3.8 Drug treatment modified the abundance of bacteria in immunocompromised mice
The abundance of intestinal flora of animals in each group affected by drugs was ranked at the taxonomic level of different species, such as phyla, class, order, family, genus, and species, and the influence of drugs on the structure and composition of intestinal flora was analyzed according to their abundance changes. Figure 8 shows the ranking results of the top 30 species at the phyla and species levels. The species with the highest abundance in all treatment groups were classified into the eight main microflora and only a few other microflora species (others).

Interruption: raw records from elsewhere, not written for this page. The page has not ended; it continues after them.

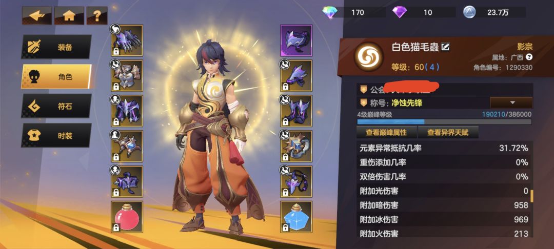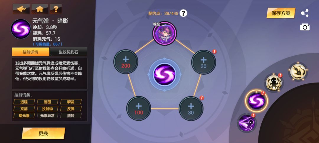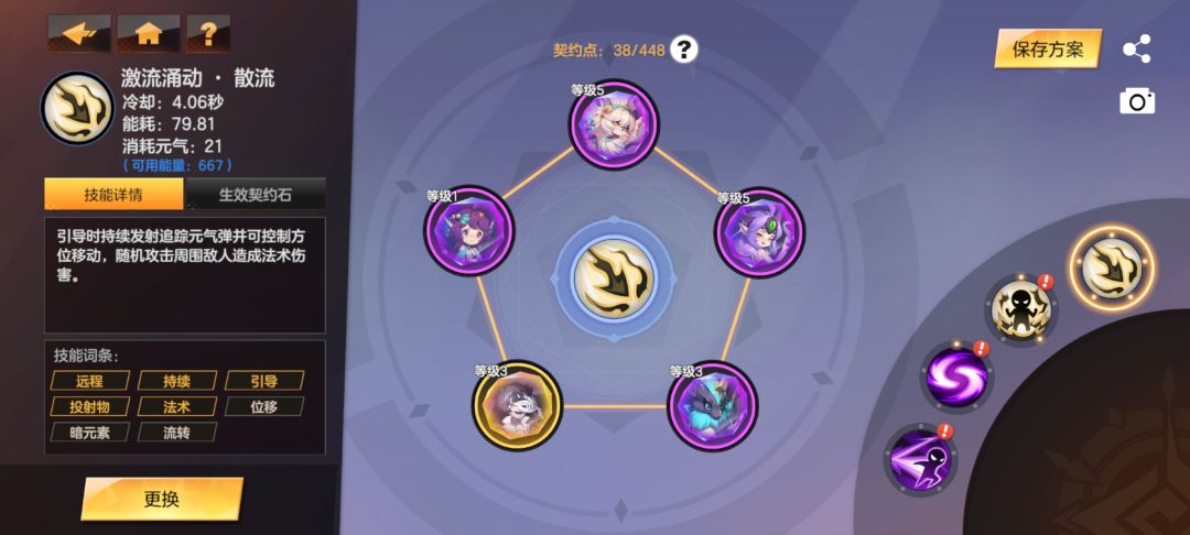 然后是技能石,涌动,狼牙,位移必备,高阶投射也是不可缺,没有先用低阶投射先用用,高级充能等7孔再用,最后是核心中的核心,必带一个高阶元素,最好是暗。
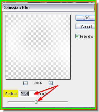 Step 51 : The Gaussian dilaogue box appears. I have given a Radius of 21.4 pixels. You can increase or decrease the blur by dragging the slider to the right or the left.
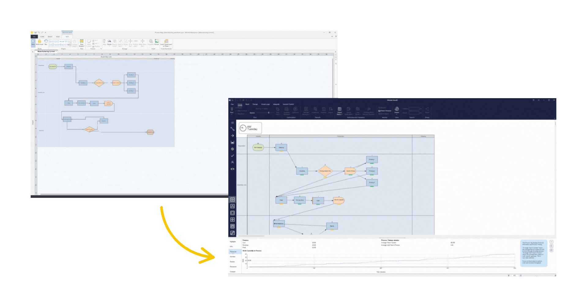 Desarrollamos específicamente la integración entre Minitab Workspace y Simul8 para abordar esta brecha crítica. Con un solo clic, sus mapas detallados de procesos de Workspace se convierten instantáneamente en simulaciones dinámicas y funcionales en Simul8, sin necesidad de desarrollo ni reelaboración adicional.
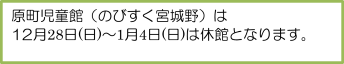| 2024年も残り少なくなりました。 今年もたくさんの方々に原町児童館(のびすく宮城野)をご利用いただきありがとうございました。 時が過ぎるのは早いもので、このあいだまで暑いと思っていたら、もう年の瀬です。 年末年始は、帰省される方、おうちでゆっくりする方、久しぶりにお友だちに会う方など、楽しい計画を予定されているご家庭も多いのではないかと思います。 まだまだ寒い季節が続きますので、身体に気をつけてお過ごしください。 のびすくは、来年もいろいろなイベントを企画していますので、たくさん遊びに来てくださいね。 1月には、「小正月」や「スペシャルパパタイム」などがあります! 新年がみなさんにとって、良い一年でありますように願っております♡ ★小正月をたのしもう★(子育て支援クラブみやぎ~の共催) ビニール袋でたこ作りやこま作りをします。 参加した方には赤飯のお振舞いがあります。 日時:1月11日(土) 10時30分~11時30分 対象/定員:乳幼児親子30組/小学生20名(定員になり次第締め切り) 申込み:受付中 ※小学生は、別チラシにて申込み下さい。 ★スペシャルパパタイム★(宮城野区家庭健康課共催) 子育て体験談やふれ合い遊び、絵本の紹介 日時:1月25日(土)10時00分~11時00分 対象:0歳児~1歳6か月児とその父親(母親も可) 定員:20名(定員になり次第締め切り) 持ち物:バスタオル(0歳児のみ) 申込み:1月6日(月)から 講師:特定非営利活動法人ゆうわ 理事長 齋藤 勇介氏 となりの保育士 代表 曽根 靖子氏 榴岡図書館 |
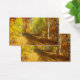 An overgrown path meandering through the birch forest on a sunny autumn day. The black and white trunks of the trees contrast with leaves and grass in all shades of gold, from pale yellow to deep orange, lit by the sun rays streaming through the branches.
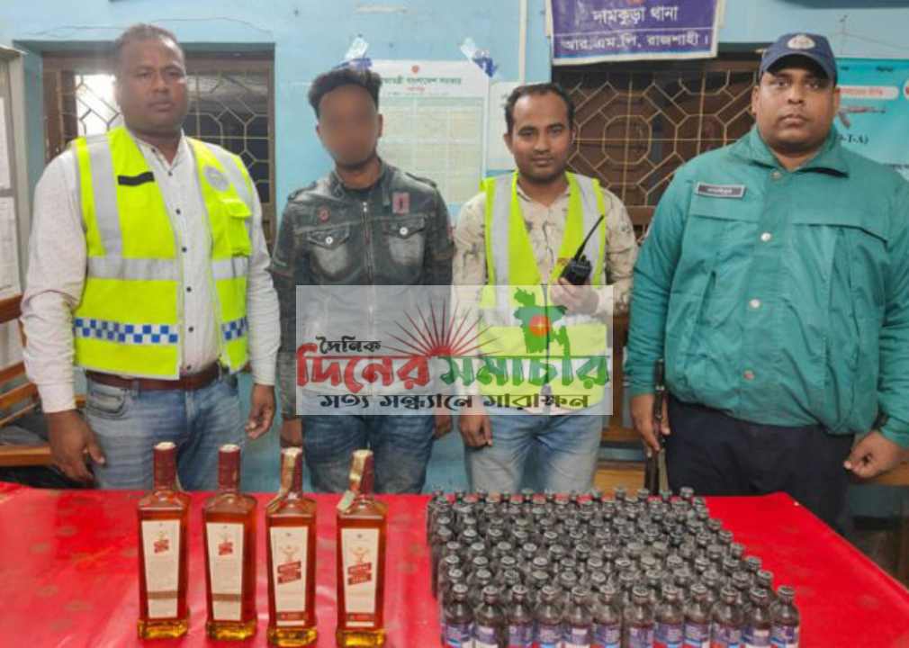 আরএমপি’র বেলপুকুর থানার অভিযানে বিদেশি মদ ও ১০৮ বোতল ফেন্সিডিলসহ গ্রেপ্তার ১
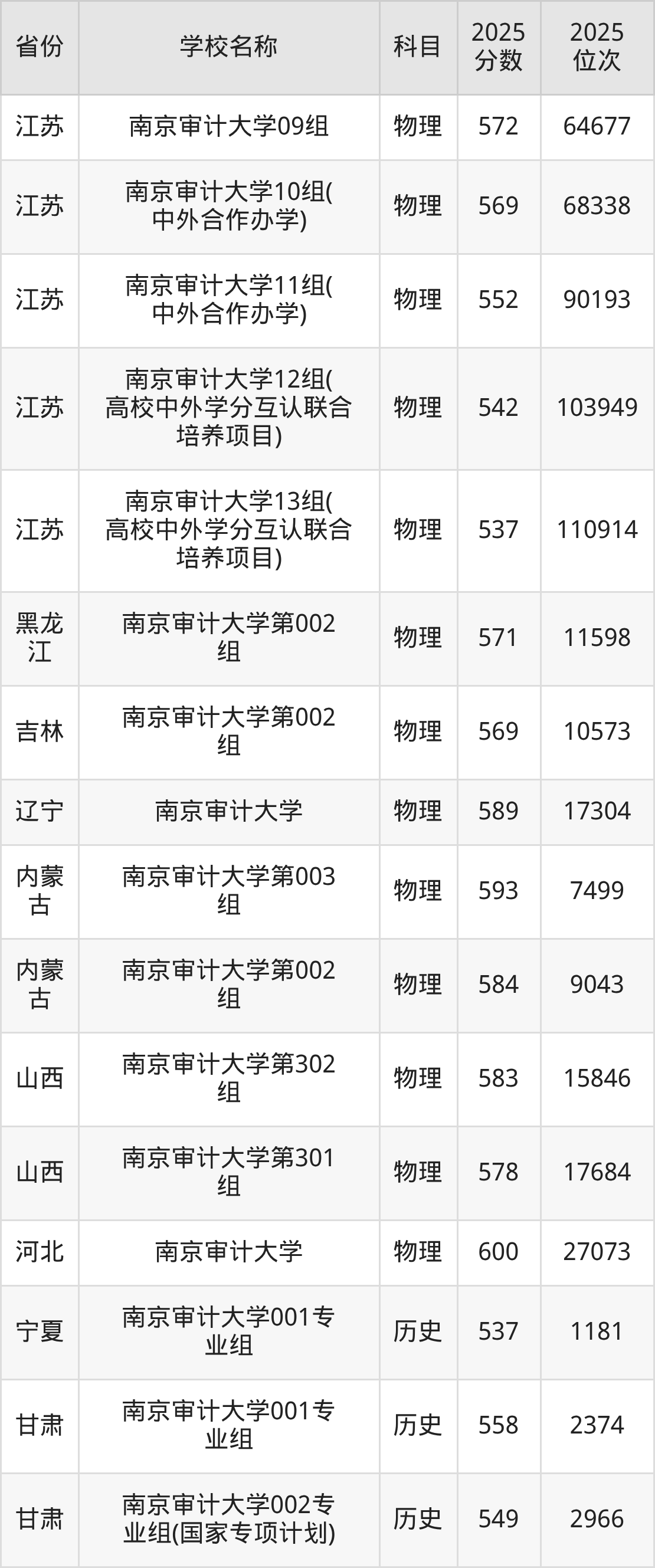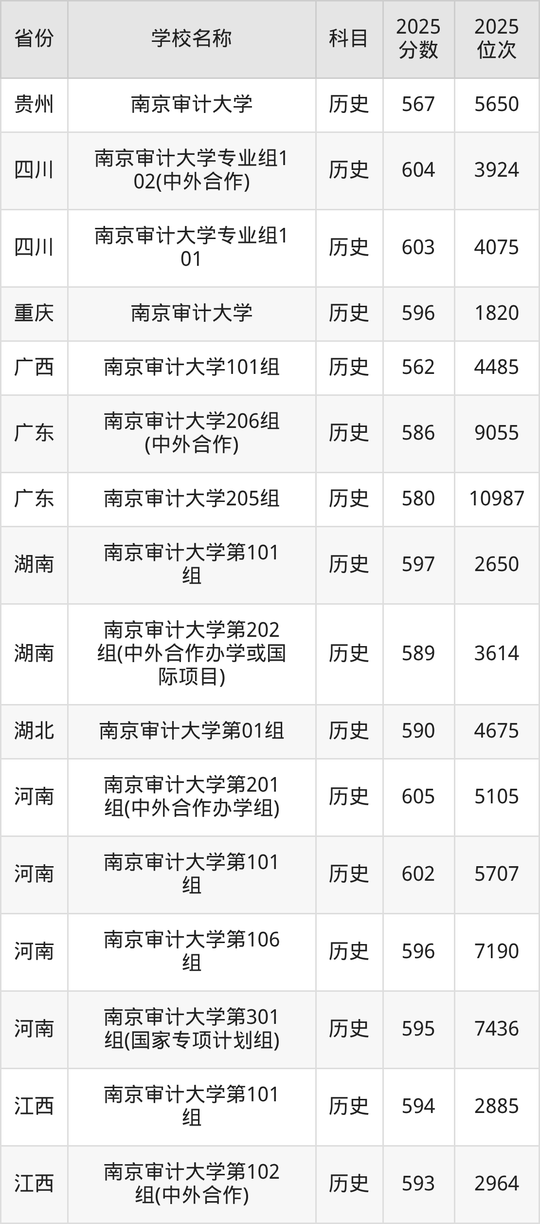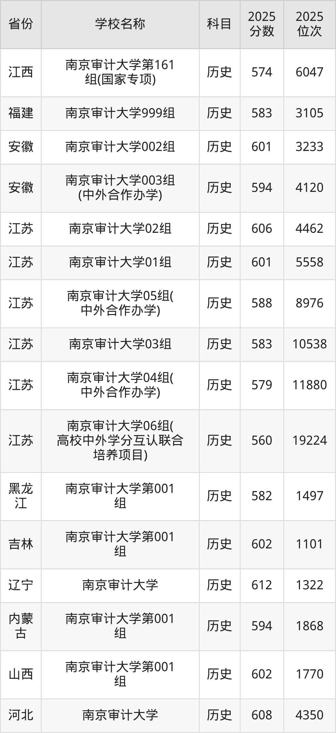 南京审计大学2025年有6个专业组面向江苏省内首选了历史科目的考生招生:

FIGURE 8. Effect of drugs on intestinal flora of mice ZUN C: zunyimyicn C; BLK: Blank control; CTX:Cyclophosphamide; ZDPS50: ZDPS 50 mg/kg/d; ZDPS200: ZDPS 200 mg/kg/d; ZHFA50: ZHFA 50 mg/kg/d; ZHFA200: ZHFA 50 mg/kg/d. The intestinal bacteria in the each group changed greatly at the genus level. The species abundance of the bacteria that accounted for the most of the total number of bacteria was arranged from high to lowthe community structure of different groups of mice varied at the genus level. Compared with CTX model mice, change of relative abundance of intestinal flora higher than 1 was defined as upregulation and lower than −1 as downregulation. Short chain fatty acids produced by the strain are shown in brackets.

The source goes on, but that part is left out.